During 2001, the hottest summer in 95 years in the part of Australia where I make my home, zucchinis and cucumbers doubled in price, tomatoes and celery almost doubled, and potatoes went up by a third. Only onions, lettuce, cauliflower, and broccoli remained the same price, but were smaller and fewer. Patty pan squash, prolific in the garden, went from $5.00 to $7.00 a kilogram (in Australian dollars); by 2006, it was $9.50, and garlic stood at $10.00. By 2015, our hottest year on record, I have given up comparing prices.
In the recent past, people grew their own vegetables to avoid toxic sprays on their food, to get that lovely freshness and superb taste of a sun-ripened tomato, and because it saved a little money. Now, it’s becoming more serious.
In 1996, the USDA reported that a “conventionally grown” apple could test positive for up to 14 different pesticides and that 73 percent of all conventional produce showed significant pesticide residues.
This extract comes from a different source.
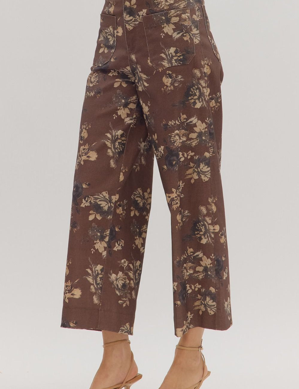 Curvy Brown Floral Mid-Rise Ankle Pants
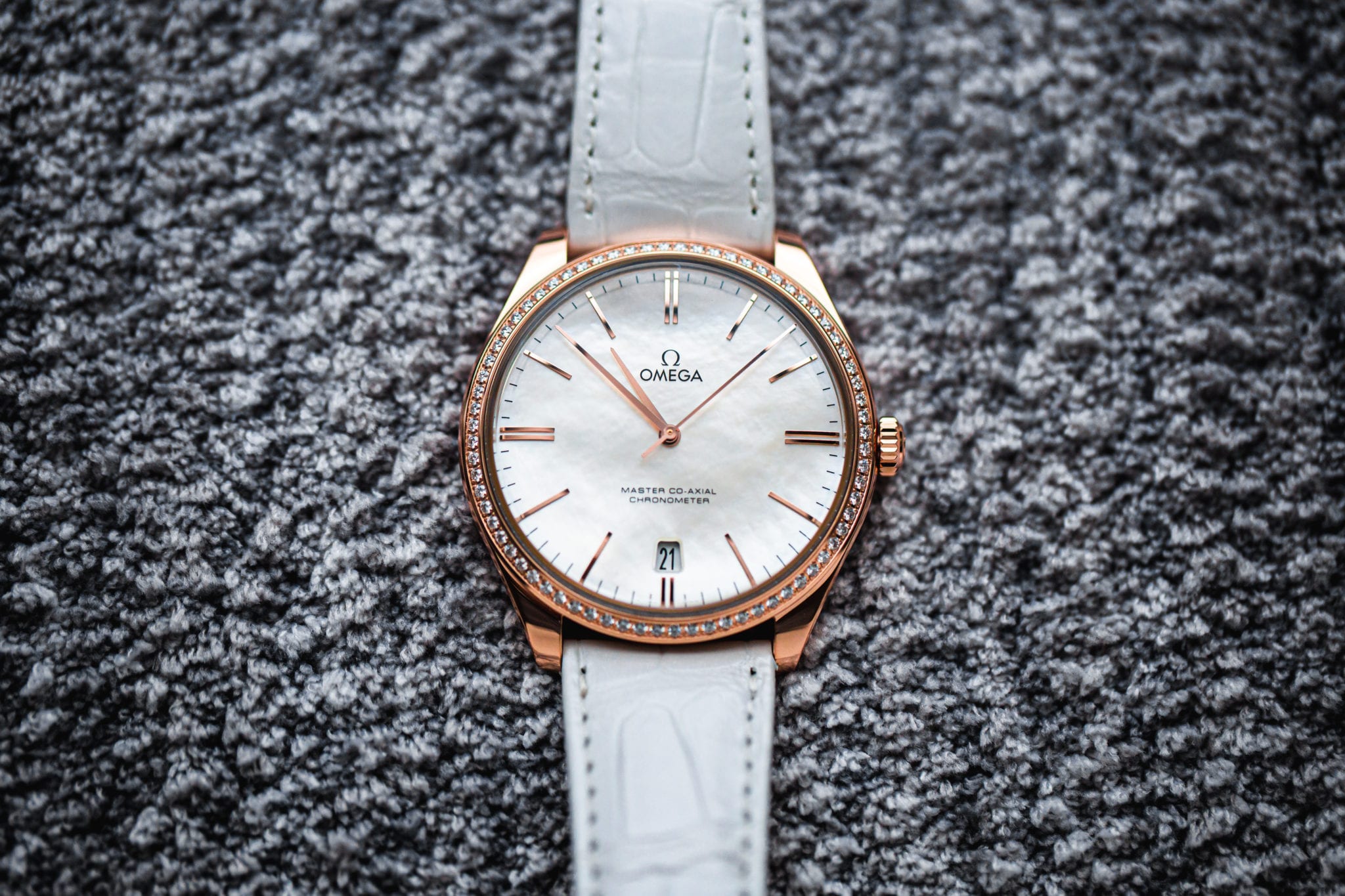 In contrast to OMEGA’s traditional sport and tool watch offerings, the De Ville Tressor is a luxurious dress watch. The Tresor variation of the brand’s De Ville collection offers a more contemporary design with oversized proportions and sleek lines. This particular variation features a mother of pearl dial with simple stick hour markers. A diamond set bezel surrounds the otherwise minimalist dial for just the right touch of flair.

The Australian Government Analytical Laboratory reported organically grown vegetables can contain an average of up to ten times more nutrients than chemically fertilized vegetables.5 These facts are disturbing, but pale compared with other major forces that threaten our food supplies. We must start taking responsibility for producing some of our daily food.
Hunger is caused less by failure of food production than by failure of distribution, interruption from wars and regional conflicts, political chicanery, robbery, or plain apathy. Now distribution is being interrupted by the withholding of viable, reproducible seeds and exacerbated by years of drought. It would be foolish to think that a famine periodically happens somewhere else and could not happen where we live.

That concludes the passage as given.